Improve enzyme stability
Another important aspect of improving or changing the characteristics of proteins is to improve the thermal stability, because this is a problem often encountered in industrial production using enzyme catalyzed reactions. In order to solve this problem, many scientists have adopted the method of directed evolution to modify proteins, hoping to improve their thermal stability.Xiao et al. used the results of sequence alignment as guidance to carry out site directed mutagenesis, and obtained that the Tm value of the mutant increased by 6 ℃. At the same time, on the basis of not affecting the original catalytic activity, the half-life at 45 ℃ was 23 times higher than that of the original enzyme.Miyazaki et al. integrated the methods of random mutation, site saturation mutation and DNA shuffling to meet the needs of productionXylanaseModification is carried out to improve its thermal stability.The semi thermal denaturation temperature of the mutant was increased from 58 ℃ to 68 ℃, and the optimum temperature was also increased from 55 ℃ to 65 ℃. At the same time, the thermal stability of the mutant at 60 ℃ was also significantly enhanced.
In addition, proteins often lose their original catalytic activity in organic solvents and water organic solvent mixed solutions, so Moore et al. carried out random mutations fromBacillus subtilisA mutant strain of protein E was screened from the mutant library, which can reach 60%DimethylformamideThe enzyme activity in the solution is equal to that in the water solution;Similarly, the activity of p-nitrophenylesterase in 30% dimethylformamide aqueous solution was increased by more than 100 times through random mutation and gene recombination.

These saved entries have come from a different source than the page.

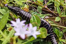 D. lessonae grows to a total length (including tail) of about 30 cm (12 in), and has a lifespan of roughly 10 years. Offspring are zebra-patterned, with white and black stripes circling their bodies. Adults are brown, with red/yellow-coloured heads and undersides, and have small legs.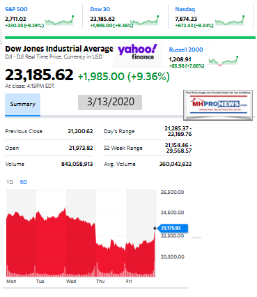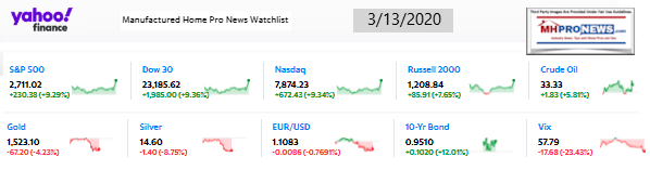 Programing note. Be looking for a special report on MHProNews about the still developing coronavirus issue and how it impacts manufactured housing that is in process. Teaser. There is evidence from a range of sources that one of the greatest transfers of wealth could be occurring right before the nation’s and the world’s eyes. MHProNews has been monitoring these developments through a skeptical evidence-and-historically focused lens.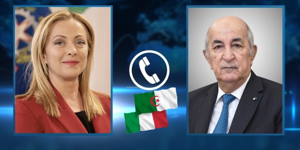 تلقى رئيس الجمهورية، السيد عبد المجيد تبون، الجمعة، مكالمة هاتفية من رئيسة الوزراء الإيطالية، السيدة جورجيا ميلوني، أجرى من خلالها محادثات جد معمقة حول مسائل جهوية مشتركة، في صدارتها المؤتمر الإيطالي-الإفريقي الذي ستحتضنه العاصمة الإيطالية روما نهاية الشهر الجاري، حسبما أورده بيان لرئاسة الجمهورية.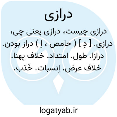 درازی. [ دِ ] ( حامص، اِ ) دراز بودن. درازا. طول. امتداد. خلاف پهنا. خلاف عرض. اِنسبات. خَدَب. سَمحَجَة. سَنطَلَة. سَیفة. ( منتهی الارب ):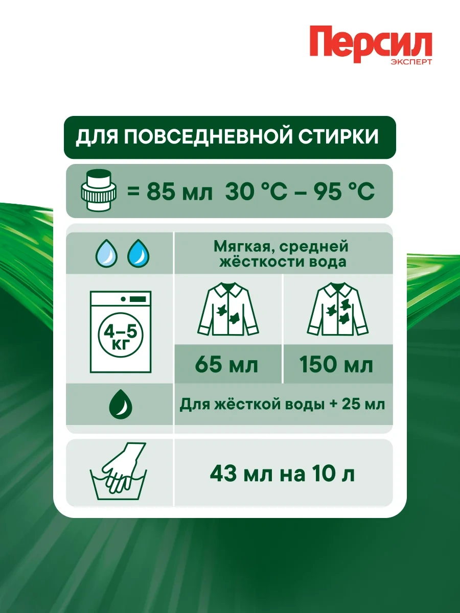 Обладает усовершенствованным сочетанием 13 активных компонентов, которые проникают глубоко в волокна ткани и эффективно отстирывают даже сложные пятна.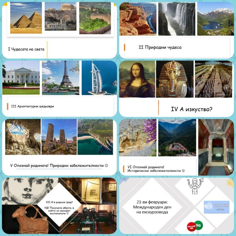 На 21-ви февруари честваме международния ден на екскурзовода. С бъдещите гидове от IX Б клас на Хуманитарна гимназия "Дамян Дамянов" отбелязахме празника с разнообразни и интригуващи дейности. За начало учениците изгледаха с голям интерес част от проявите, подготвени във виртуалното пространство от Съюза на екскурзоводите в България по повод миналогодишния професионален празник и по -специално материал по темата "България - декор на холивудски филми". Най-голямото предизвикателство пред бъдещите водачи беше отборната викторина, в която трябваше да разпознаят разнообразни туристически обекти от близо и далеч, както и да отгатнат местоположението им. Накрая учениците трябваше да се ориентират по карта за някои от архитектурните забележителности в родния Сливен и да документират откриването им със селфи. По традиция денят на екскурзовода – 21 февруари е очакван, вълнуващ и професионален празник за учениците от паралелките със специалност „Екскурзовод“ в Хуманитарна гимназия „Дамян Дамянов“.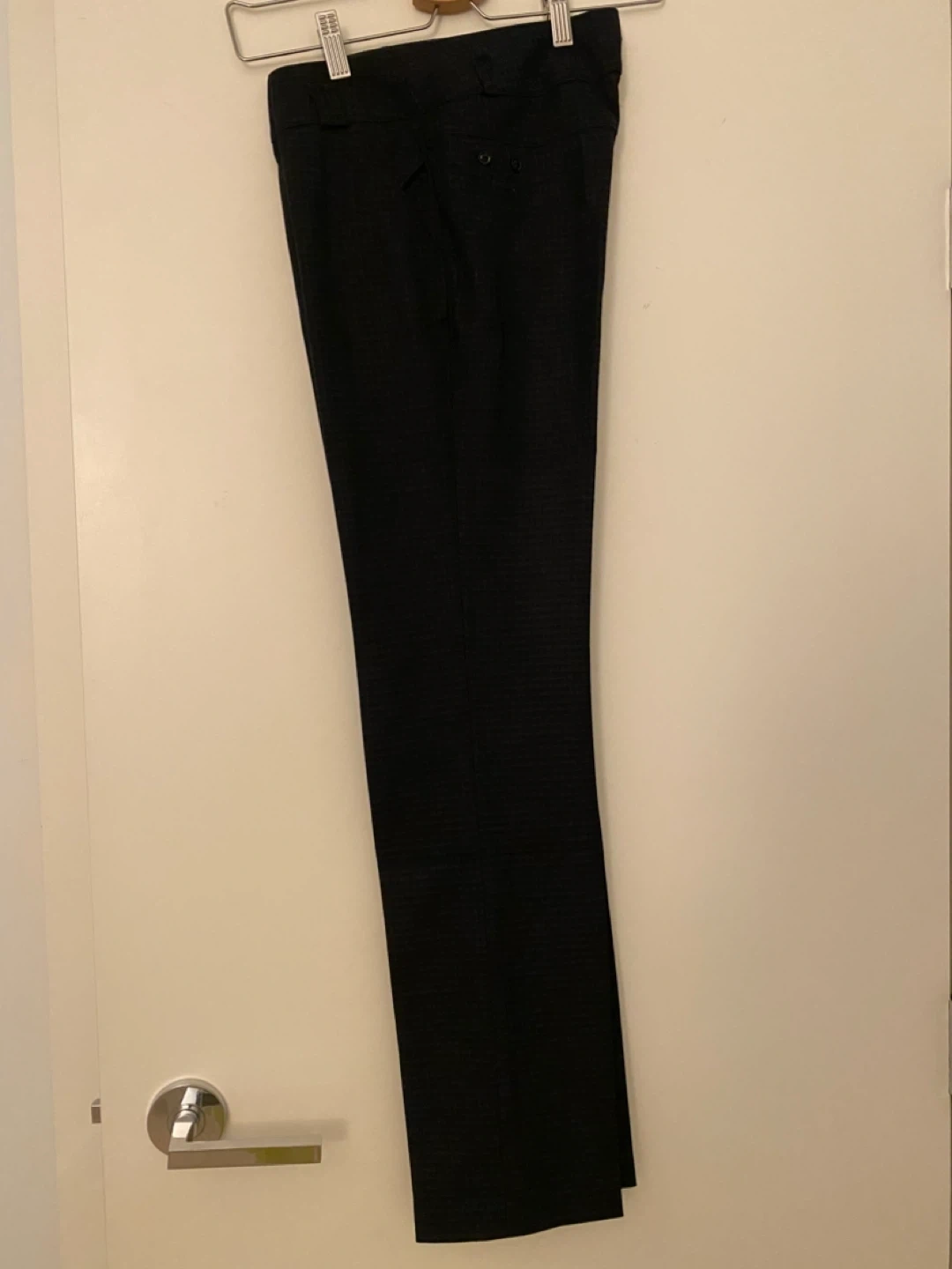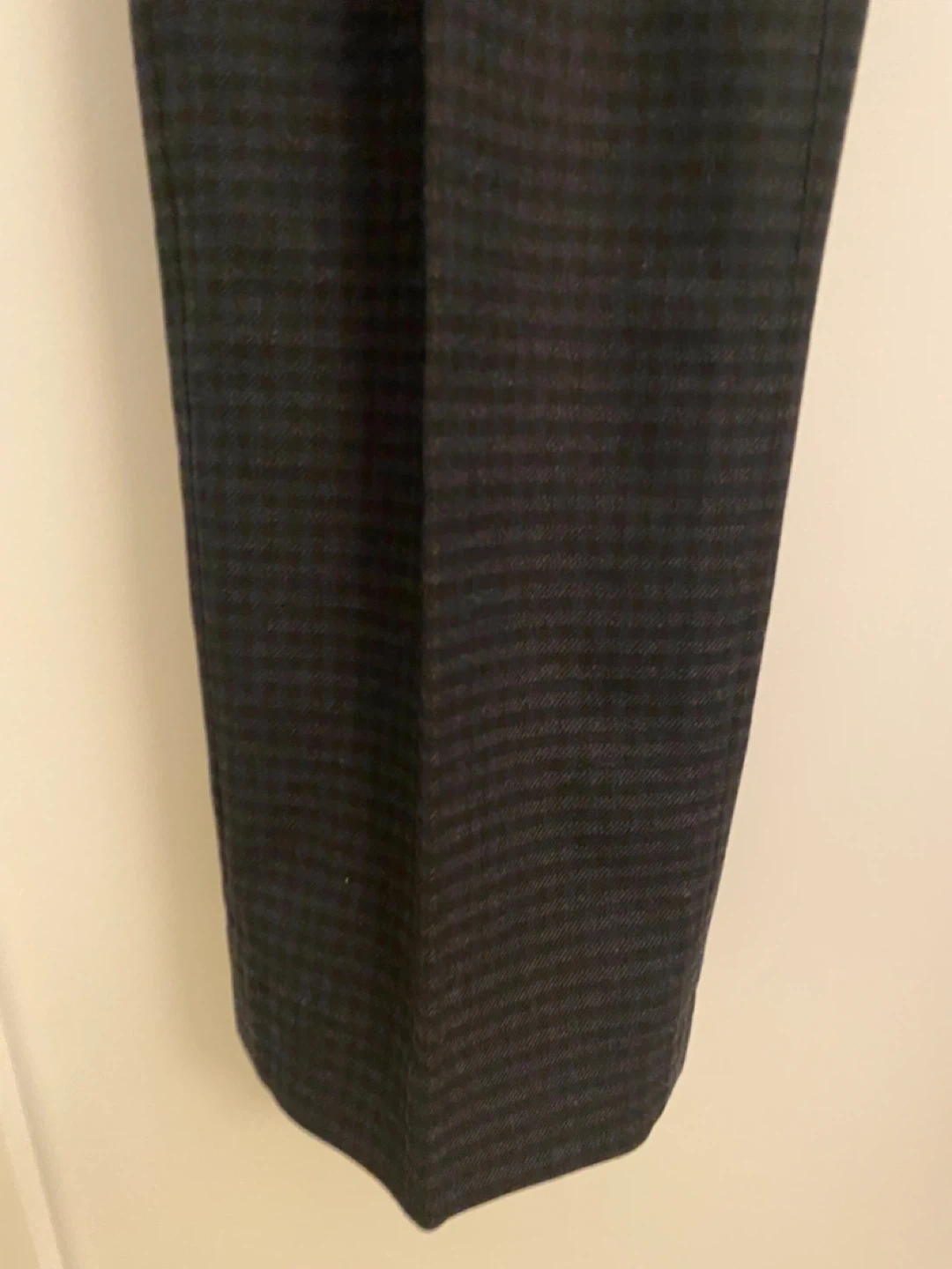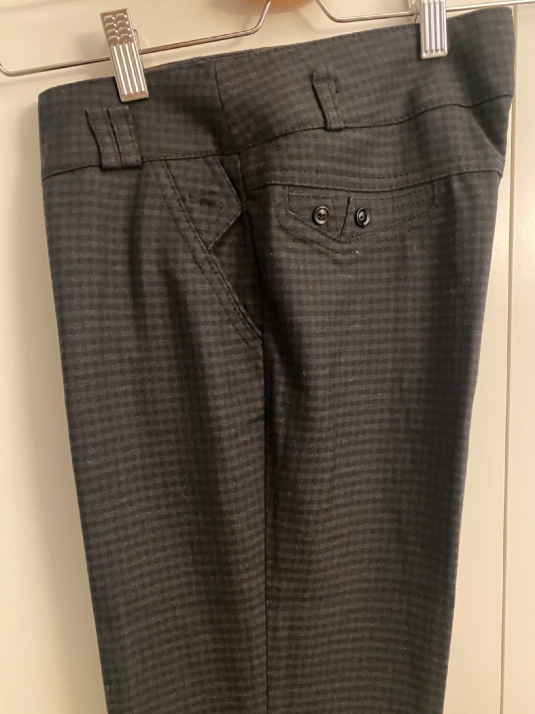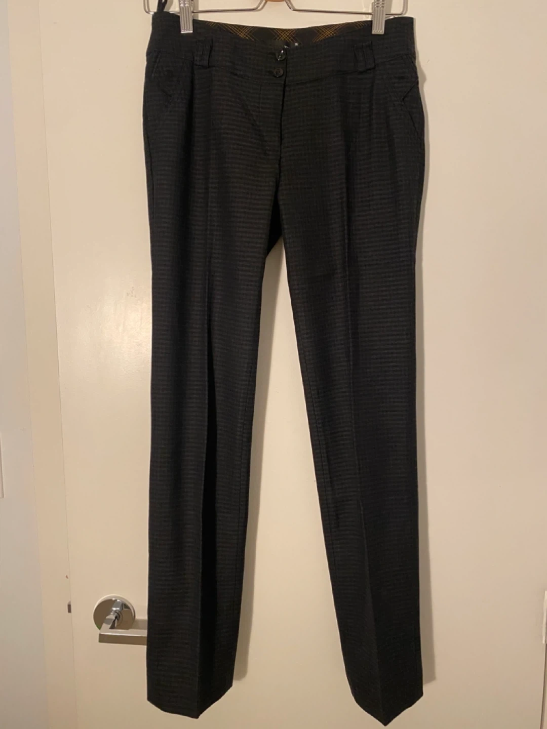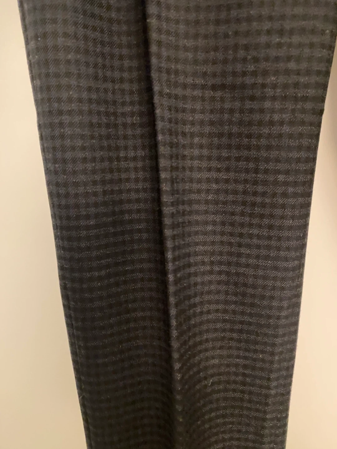 Classic grey dress pants with a subtle plaid pattern. These trousers offer a tailored fit and a smart look. Material is a blend, likely wool mostly and some synthetic.

Change substrate specificity of enzyme
Manu et alError prone PCRAfter screening, the action substrate of the mutant was transformed from traditional cellobiose to lactose, and then the activity of lactose phosphorylase was improved.The activity of lactose phosphorylase of the mutant strain was 10 times higher than that of the original one.changeEnantiomerSpecificity.Schmidt et al. used the error prone PCR technology to increase the E value of the corresponding selective wild type of Pseudomonas fluorescens esterase from 63 to 96. At the same time, the activity also increased accordingly, which can transform 50% of the substrate in 2 minutes, equivalent to 1.25 U/mg of protein.Arnold et al. used error prone PCR and saturation mutagenesis methods to successfully convert a hydantoinase strain that is inclined to D-type substrate into an L-type substrate. After analysis, this transformation only generated an amino acid substitution.Compared with the wild type catalytic protein, it increased the production of L-methionine and reduced unnecessary product accumulation.